▶ _SUPPLIED DATA_:
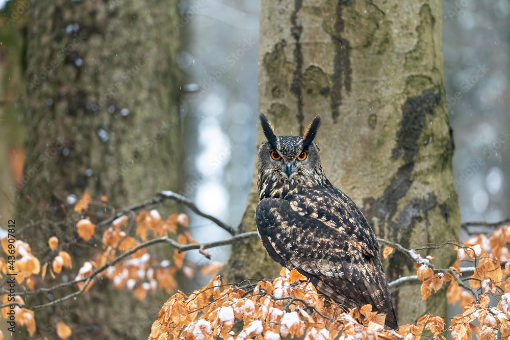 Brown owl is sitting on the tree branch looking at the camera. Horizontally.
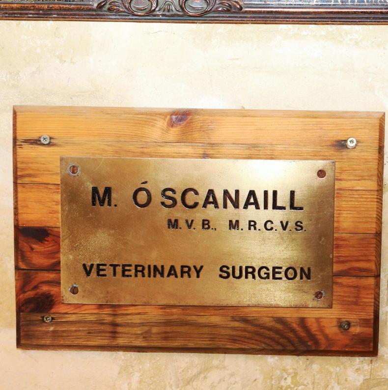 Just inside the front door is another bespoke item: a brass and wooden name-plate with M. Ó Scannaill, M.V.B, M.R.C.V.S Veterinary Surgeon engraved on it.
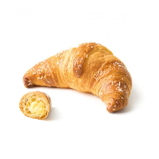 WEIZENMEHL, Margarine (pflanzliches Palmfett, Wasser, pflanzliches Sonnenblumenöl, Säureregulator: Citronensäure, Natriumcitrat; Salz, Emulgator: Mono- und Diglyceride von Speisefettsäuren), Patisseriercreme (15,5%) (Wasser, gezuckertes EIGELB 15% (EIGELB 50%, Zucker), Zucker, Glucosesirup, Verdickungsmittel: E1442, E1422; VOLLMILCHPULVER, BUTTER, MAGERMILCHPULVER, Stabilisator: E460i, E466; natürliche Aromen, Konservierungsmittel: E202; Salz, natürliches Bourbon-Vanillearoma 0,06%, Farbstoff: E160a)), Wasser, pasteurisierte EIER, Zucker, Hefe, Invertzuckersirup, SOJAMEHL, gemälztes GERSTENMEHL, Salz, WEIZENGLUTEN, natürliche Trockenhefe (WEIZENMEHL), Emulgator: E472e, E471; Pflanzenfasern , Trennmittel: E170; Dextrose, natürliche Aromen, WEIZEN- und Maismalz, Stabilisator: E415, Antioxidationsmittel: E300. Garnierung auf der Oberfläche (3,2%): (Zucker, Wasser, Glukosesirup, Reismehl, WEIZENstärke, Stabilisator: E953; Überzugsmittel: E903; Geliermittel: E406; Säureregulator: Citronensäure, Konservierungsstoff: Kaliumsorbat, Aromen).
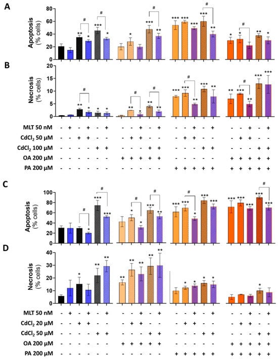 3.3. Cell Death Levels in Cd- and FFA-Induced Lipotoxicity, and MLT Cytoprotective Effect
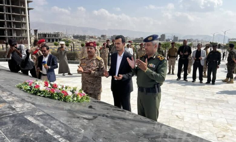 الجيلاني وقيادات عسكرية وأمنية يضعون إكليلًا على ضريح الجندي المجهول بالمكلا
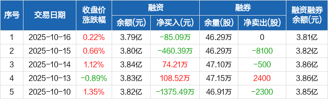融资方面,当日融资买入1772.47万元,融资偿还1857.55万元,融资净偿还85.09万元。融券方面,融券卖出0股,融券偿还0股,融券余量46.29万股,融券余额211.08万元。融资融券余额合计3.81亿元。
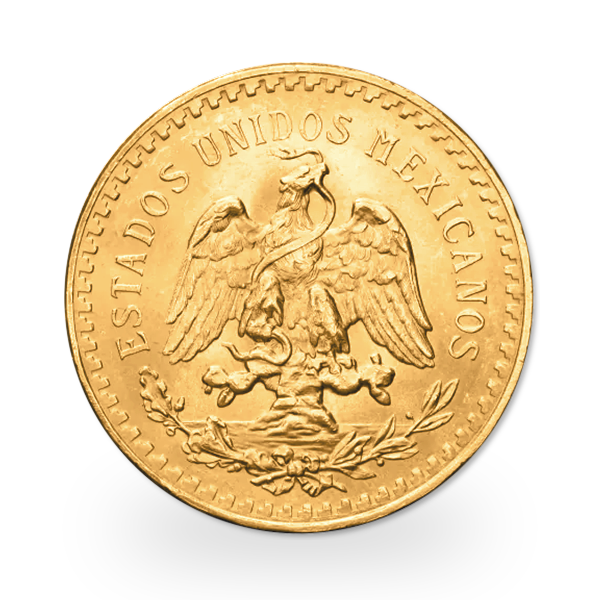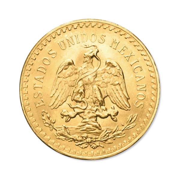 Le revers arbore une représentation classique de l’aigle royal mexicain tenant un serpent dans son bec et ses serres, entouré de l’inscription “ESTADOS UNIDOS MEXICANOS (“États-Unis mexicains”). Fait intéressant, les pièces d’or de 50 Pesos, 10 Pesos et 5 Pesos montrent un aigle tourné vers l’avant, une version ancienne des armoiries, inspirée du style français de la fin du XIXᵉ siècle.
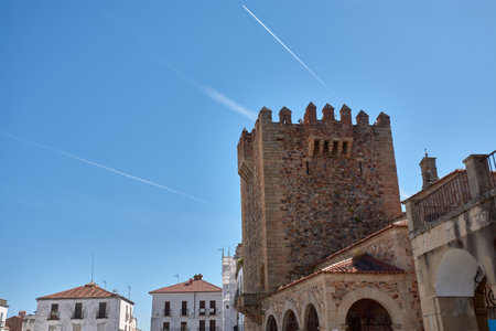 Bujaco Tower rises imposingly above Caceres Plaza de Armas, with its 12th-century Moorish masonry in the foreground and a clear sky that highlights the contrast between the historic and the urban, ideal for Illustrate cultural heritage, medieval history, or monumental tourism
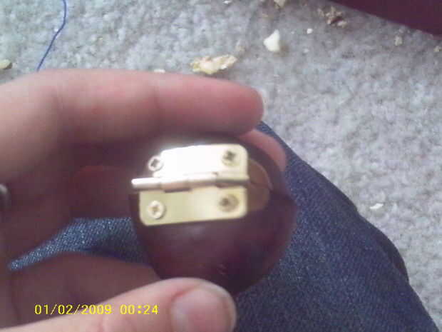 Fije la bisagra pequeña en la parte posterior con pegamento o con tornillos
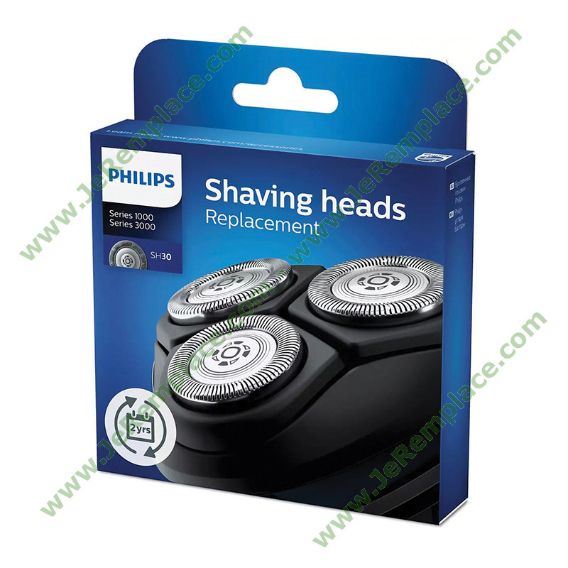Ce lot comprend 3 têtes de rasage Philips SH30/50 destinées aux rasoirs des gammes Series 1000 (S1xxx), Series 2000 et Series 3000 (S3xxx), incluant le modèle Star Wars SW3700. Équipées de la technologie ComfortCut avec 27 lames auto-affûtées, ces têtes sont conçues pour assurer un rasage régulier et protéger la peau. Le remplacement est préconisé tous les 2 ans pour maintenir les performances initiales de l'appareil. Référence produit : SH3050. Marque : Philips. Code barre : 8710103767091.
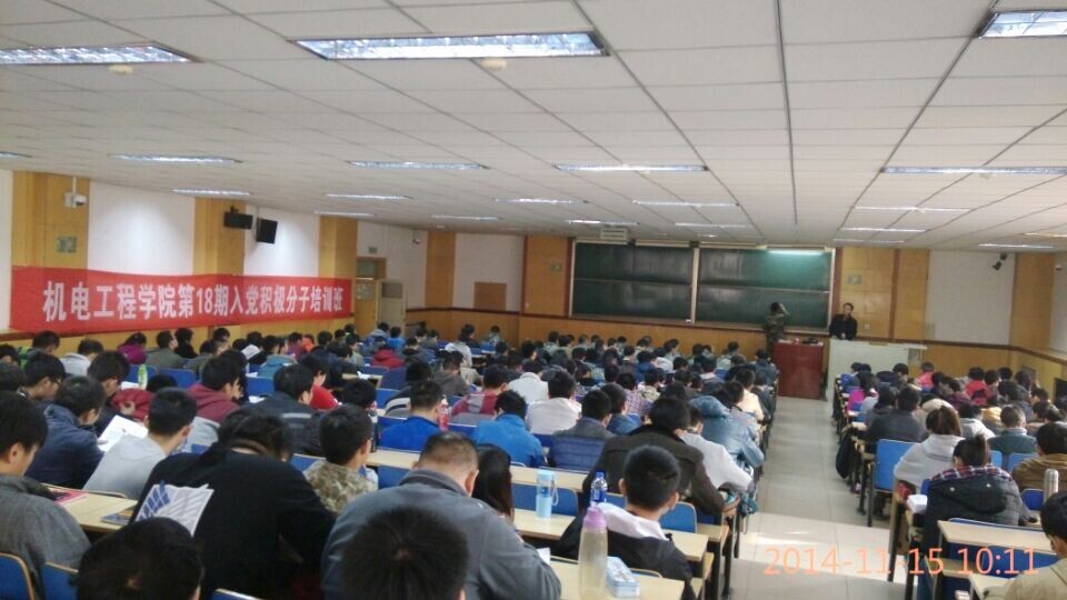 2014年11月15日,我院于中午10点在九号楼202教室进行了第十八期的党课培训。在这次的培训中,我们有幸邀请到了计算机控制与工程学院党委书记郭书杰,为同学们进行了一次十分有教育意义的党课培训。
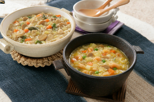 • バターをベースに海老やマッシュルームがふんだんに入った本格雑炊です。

▶ _REQUIREMENT_: With the pictures removed, return the data above word for word.

▶ _RESPONSE AREA_:
 Brown owl is sitting on the tree branch looking at the camera. Horizontally.
 Just inside the front door is another bespoke item: a brass and wooden name-plate with M. Ó Scannaill, M.V.B, M.R.C.V.S Veterinary Surgeon engraved on it.
 WEIZENMEHL, Margarine (pflanzliches Palmfett, Wasser, pflanzliches Sonnenblumenöl, Säureregulator: Citronensäure, Natriumcitrat; Salz, Emulgator: Mono- und Diglyceride von Speisefettsäuren), Patisseriercreme (15,5%) (Wasser, gezuckertes EIGELB 15% (EIGELB 50%, Zucker), Zucker, Glucosesirup, Verdickungsmittel: E1442, E1422; VOLLMILCHPULVER, BUTTER, MAGERMILCHPULVER, Stabilisator: E460i, E466; natürliche Aromen, Konservierungsmittel: E202; Salz, natürliches Bourbon-Vanillearoma 0,06%, Farbstoff: E160a)), Wasser, pasteurisierte EIER, Zucker, Hefe, Invertzuckersirup, SOJAMEHL, gemälztes GERSTENMEHL, Salz, WEIZENGLUTEN, natürliche Trockenhefe (WEIZENMEHL), Emulgator: E472e, E471; Pflanzenfasern , Trennmittel: E170; Dextrose, natürliche Aromen, WEIZEN- und Maismalz, Stabilisator: E415, Antioxidationsmittel: E300. Garnierung auf der Oberfläche (3,2%): (Zucker, Wasser, Glukosesirup, Reismehl, WEIZENstärke, Stabilisator: E953; Überzugsmittel: E903; Geliermittel: E406; Säureregulator: Citronensäure, Konservierungsstoff: Kaliumsorbat, Aromen).
 3.3. Cell Death Levels in Cd- and FFA-Induced Lipotoxicity, and MLT Cytoprotective Effect
 الجيلاني وقيادات عسكرية وأمنية يضعون إكليلًا على ضريح الجندي المجهول بالمكلا
融资方面,当日融资买入1772.47万元,融资偿还1857.55万元,融资净偿还85.09万元。融券方面,融券卖出0股,融券偿还0股,融券余量46.29万股,融券余额211.08万元。融资融券余额合计3.81亿元。
 Le revers arbore une représentation classique de l’aigle royal mexicain tenant un serpent dans son bec et ses serres, entouré de l’inscription “ESTADOS UNIDOS MEXICANOS (“États-Unis mexicains”). Fait intéressant, les pièces d’or de 50 Pesos, 10 Pesos et 5 Pesos montrent un aigle tourné vers l’avant, une version ancienne des armoiries, inspirée du style français de la fin du XIXᵉ siècle.
 Bujaco Tower rises imposingly above Caceres Plaza de Armas, with its 12th-century Moorish masonry in the foreground and a clear sky that highlights the contrast between the historic and the urban, ideal for Illustrate cultural heritage, medieval history, or monumental tourism
 Fije la bisagra pequeña en la parte posterior con pegamento o con tornillos
Ce lot comprend 3 têtes de rasage Philips SH30/50 destinées aux rasoirs des gammes Series 1000 (S1xxx), Series 2000 et Series 3000 (S3xxx), incluant le modèle Star Wars SW3700. Équipées de la technologie ComfortCut avec 27 lames auto-affûtées, ces têtes sont conçues pour assurer un rasage régulier et protéger la peau. Le remplacement est préconisé tous les 2 ans pour maintenir les performances initiales de l'appareil. Référence produit : SH3050. Marque : Philips. Code barre : 8710103767091.
 2014年11月15日,我院于中午10点在九号楼202教室进行了第十八期的党课培训。在这次的培训中,我们有幸邀请到了计算机控制与工程学院党委书记郭书杰,为同学们进行了一次十分有教育意义的党课培训。
 • バターをベースに海老やマッシュルームがふんだんに入った本格雑炊です。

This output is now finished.